[Work to be completed]
Your task is to copy the lines from the line containing "Edith Roosevelt autograph" through the end of the listing below, both included, without any pictures.

[Supplied data]
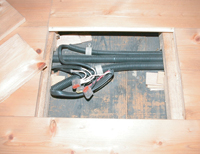 5)機器類の設置はメンテも考えて最小限に ──ただし必要になったときには対応できるように 町家には暖房器具としての火鉢や炬燵を除くと設備機器と呼べるようなものはなかった。明治以降、さまざまな設備が入れ替わり立ち替わり入り込んできた。明治期に建てられた町家で、特に大店の町家のトオリニワにはガス灯配管に始まり、碍子2線引き配線、ガス管、ビニール電線、給水管が縦横に走り、土間には給水管、雑排水管、汚水管が埋め込まれている。またそれらの管材の変化もめまぐるしく、給水管ひとつとっても鉛管に始まり、白ガス管、VLP管、VP管、HIVP管と変遷し、それらが撤去されず同居しているような場合、どれが生きていてどれが死んでいるのかわからないことも多い。機器も同様で、暖房器具を例にとると舶来のラジエータや電気パネルヒーター、バランス型各種ファンヒーター、各種ファンヒーター、各種ストーブ、電気ヒーター、床暖房となり、蔵を覗くと使わなくなったそれらの器具が山積みで保管されていたりする。
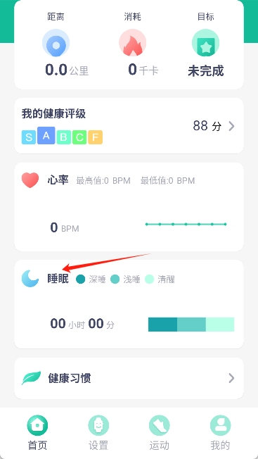 1. 进入App主界面,点击“睡眠”选项启动监测。
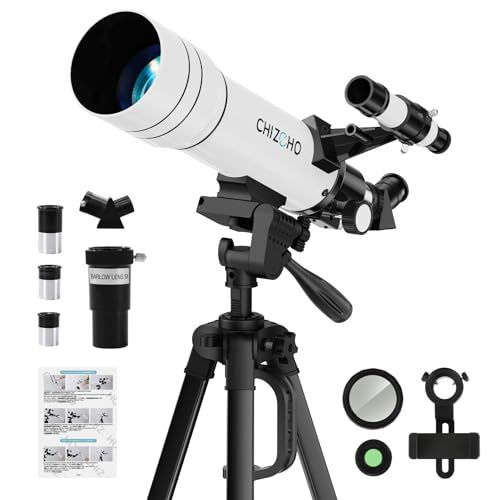 [直径70mmマルチコート光学対物レンズ、明るくクリアな視界を完璧に提供します] CHIZEHO天体望遠鏡は70mm大口径光学対物レンズを組み込み、光吸収面積を拡大し、複合コーティングにより光透過率を高め、画像をより明るく鮮明にします。(同じ明るさであれば、CT12天体望遠鏡は他の製品に比べ、20%明るくクリアな視界が得られます)
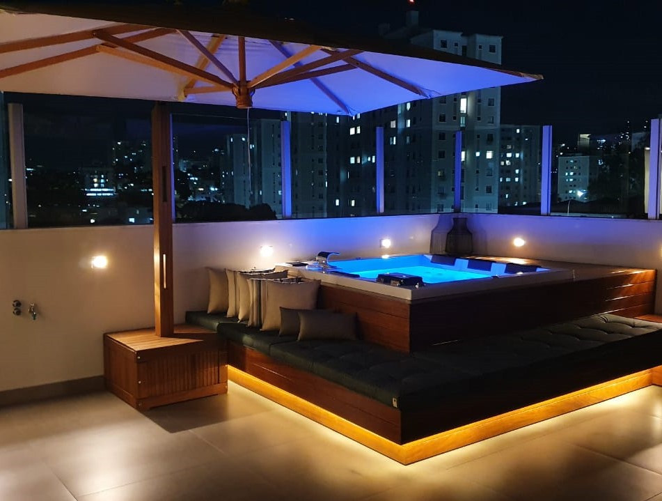 Por sua robustez e visual imponente, o ombrelone lateral Premium giratório com floreira é uma excelente opção para quem busca grandes áreas sombreadas por um único ombrelone;
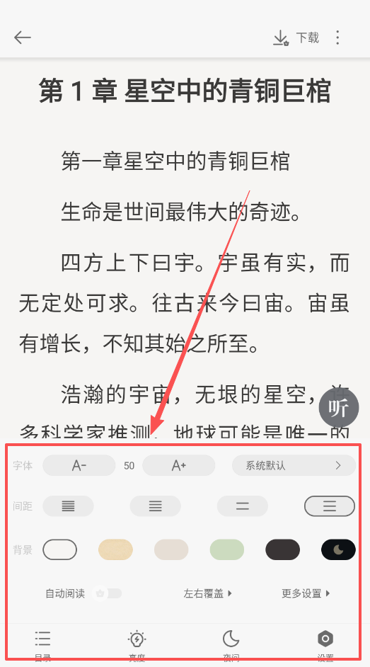 4、阅读设置选项允许用户自由调整界面背景和字体样式,打造最符合个人喜好的阅读环境,让您畅享无阻阅读乐趣。
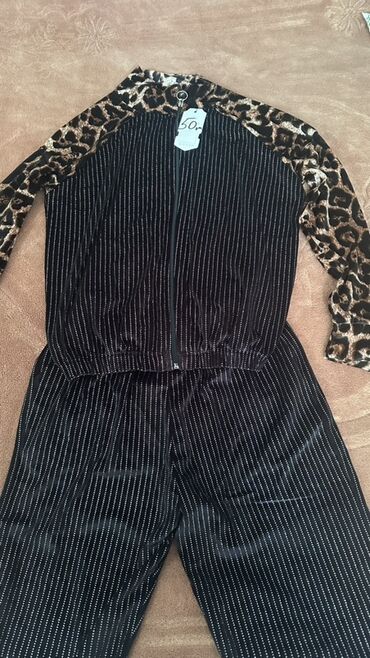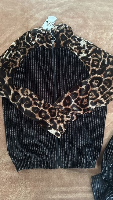 Qadın idman dəsti – kapüşonlu sweatshirt və şalvar - Rəng: qara - Detallar: leopard naxışlı bağlama və haşiyələr (kapüşon ipi, bel, qol, cib və yan tikişlərdə) - Şalvar: düz kəsim, yan hissədə iki...
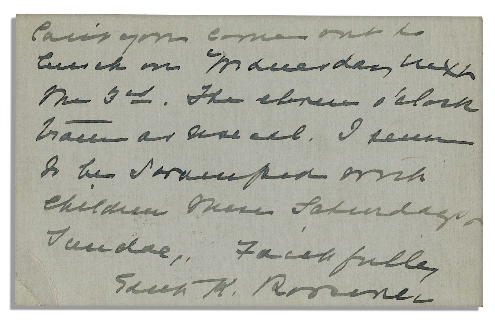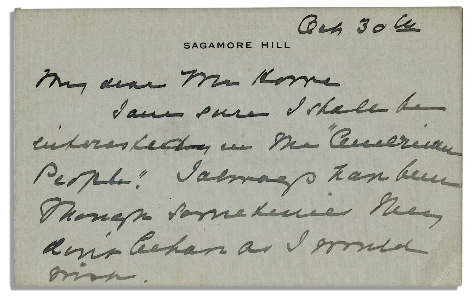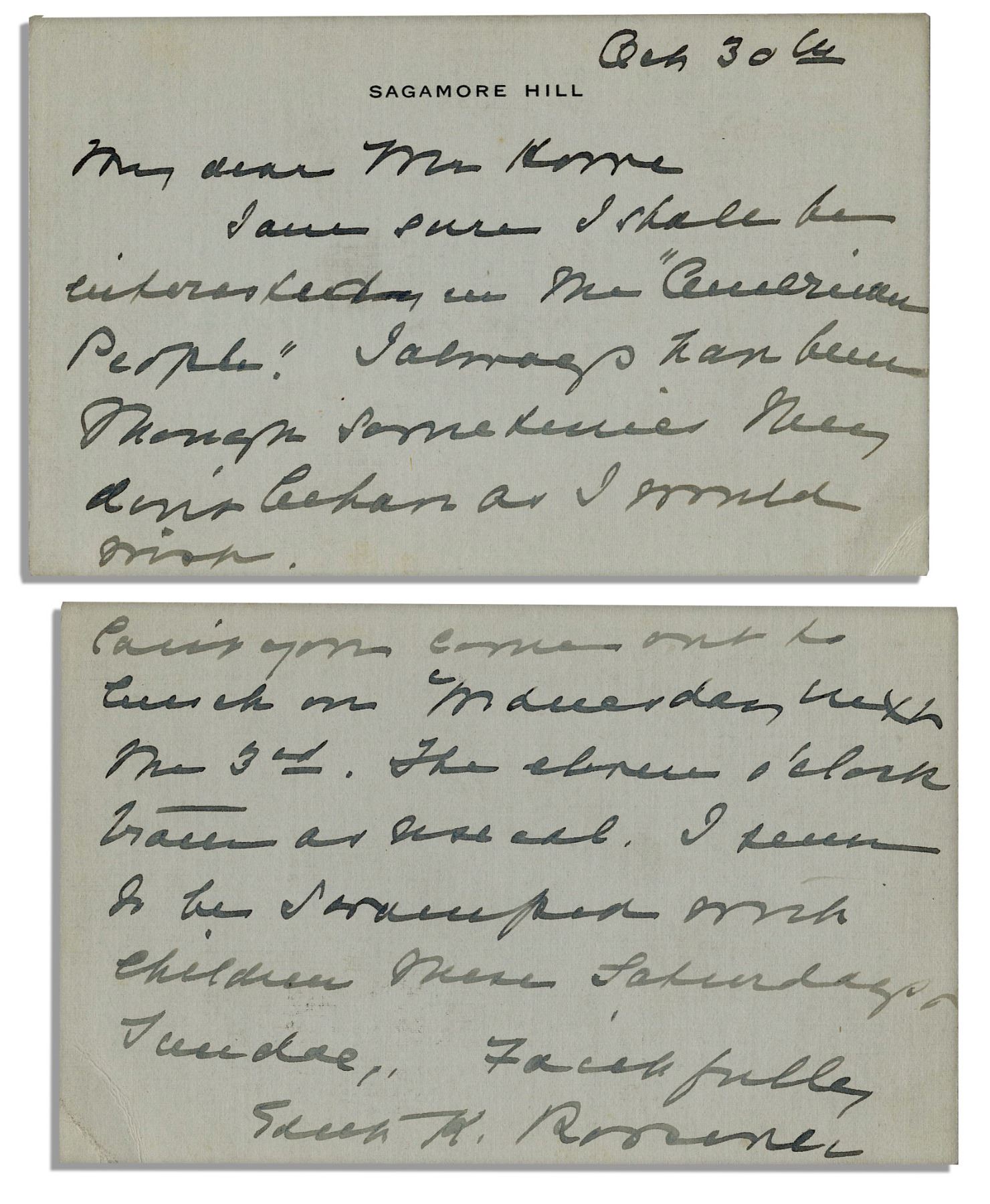 Edith Roosevelt autograph letter signed as Theodore Roosevelt's widow, circa 1924-27. The First Lady writes on the stationery of her estate Sagamore Hill, where she spent most of her time following the deaths of her son and husband. Letter to Will D. Howe reads in part, ''My dear Mr. Howe / I am sure I shall be interested in the 'American People'. I always have been...Edith K. Roosevelt''. Written on both sides of the 5'' x 3.25'' card. Near fine.
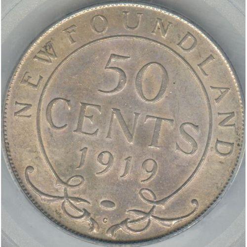 NFLD 50 Cents 1919c, graded PCGS MS-64. Light russet tone over full luster, a premium quality coin.
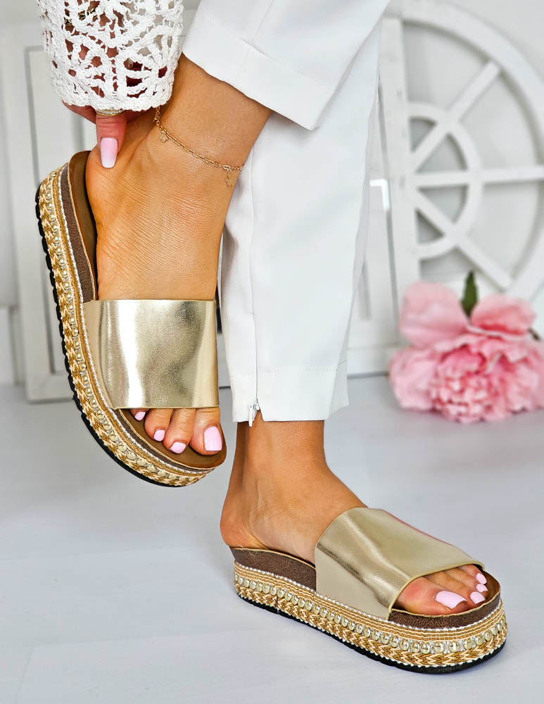 Złote Klapki Damskie Na Platformie SunSet

[Response box]
 Edith Roosevelt autograph letter signed as Theodore Roosevelt's widow, circa 1924-27. The First Lady writes on the stationery of her estate Sagamore Hill, where she spent most of her time following the deaths of her son and husband. Letter to Will D. Howe reads in part, ''My dear Mr. Howe / I am sure I shall be interested in the 'American People'. I always have been...Edith K. Roosevelt''. Written on both sides of the 5'' x 3.25'' card. Near fine.
 NFLD 50 Cents 1919c, graded PCGS MS-64. Light russet tone over full luster, a premium quality coin.
 Złote Klapki Damskie Na Platformie SunSet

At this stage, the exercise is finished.